Abstract:
This dissertation introduces the problem of query consolidation, which seeks to interpret
a set of disparate queries submitted to independent databases with a single “global” query.
The problem has multiple applications, from improving virtual database design, to aiding
users in information retrieval, to protecting against inference of sensitive data from a seemingly
innocuous set of apparently unrelated queries. The problem exhibits attractive duality
with the much-researched problem of query decomposition, which has been addressed intensively
in the context of multidatabase environments: How to decompose a query submitted
to a virtual database into a set of local queries that are evaluated in individual databases.
The new problem is set in the architecture of a canonical multidatabase system, using it
in the “reverse” direction. The reversal is built on the assumption of conjunctive queries
and source descriptions. A rational and efficient query decomposition strategy is also assumed,
and this decomposition is reversed to arrive at the original query by analyzing the
decomposed components
The process incorporates several steps where a number of solutions must be considered,
due to the fact that query decomposition is not injective.
Initially, the problem of finding the most likely join plan between component queries is
investigated. This is accomplished by leveraging the referential constraints available in the
underlying multidatabase, or by approximating these constraints from the data when not
available. This approximation is done using the information theoretic concept of conditional
entropy. Furthermore, the most likely join plans are enhanced by the expansion of their
projections and adding precision to their selection constraints by estimating the selection
constraints that would be applied to these consolidations offline.

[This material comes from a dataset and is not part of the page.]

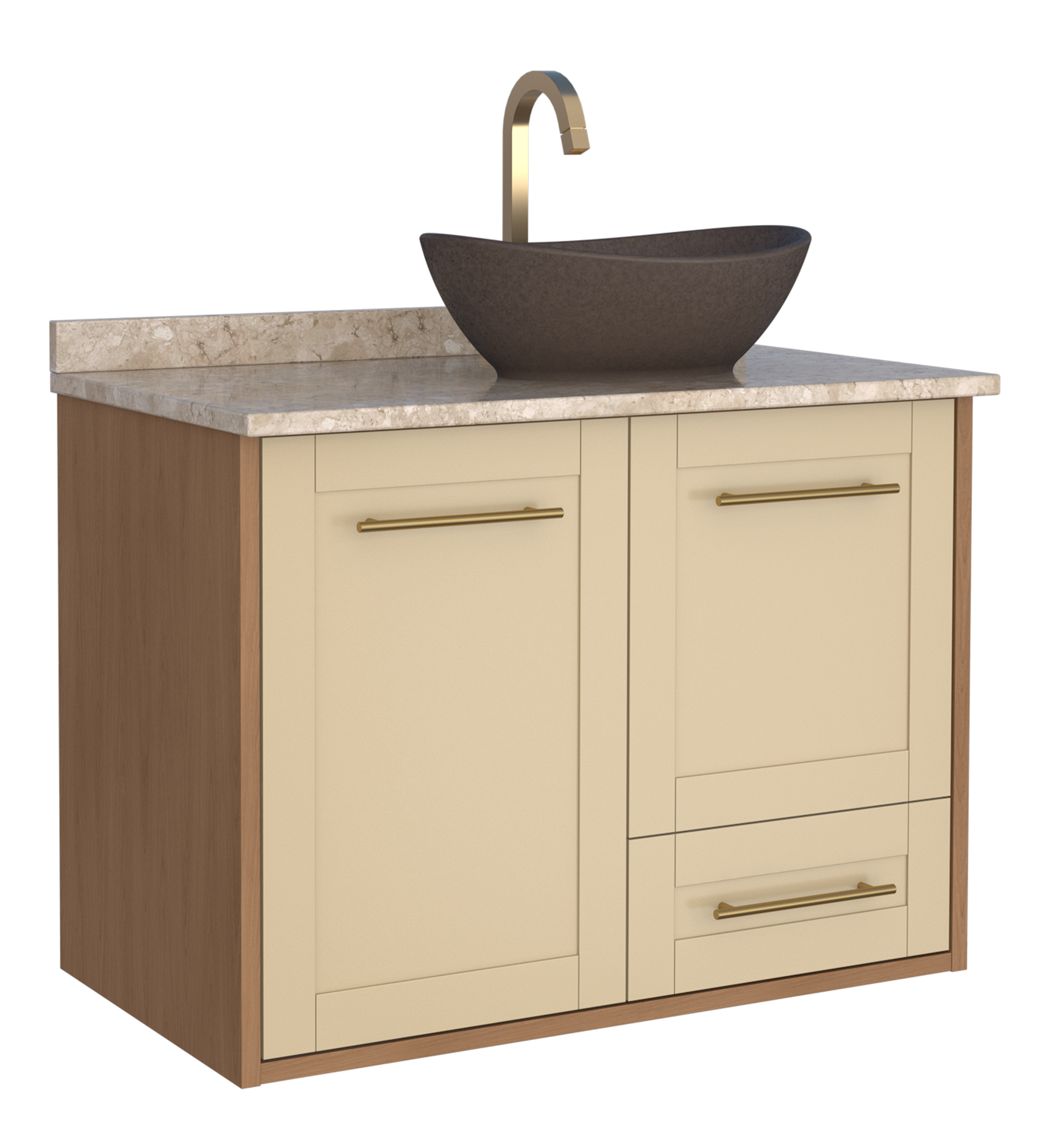 O banheiro em madeira Petúnia da Cozimax une o clássico ao moderno em um estilo provençal único. Ideal para banheiros com amplo espaço, ele conta com tampo em mármore travertino, frente com recobrimento para melhor acabamento e durabilidade, além de puxadores em alumínio, corrediças que deslizam fácil, portas com fechamento suave e prateleira para mais organização.

Additionally, the extraction of a set of queries related to the same retrieval task from
an ongoing sequence of incoming queries is investigated. A conditional random field model
is trained to segment and label incoming query sequences. Finally, the candidate consolidations
are re-encapsulated with a genetic programming approach to find simpler intentional
descriptions that are extensionally equivalent to discover the original intent of the query.
The dissertation explains and discusses all of the above operations and validates the
methods developed with experimentation on synthesized and real-world data. The results
are highly encouraging and verify that the accuracy, time performance, and scalability of the
methods would make it possible to exploit query consolidation in production environments.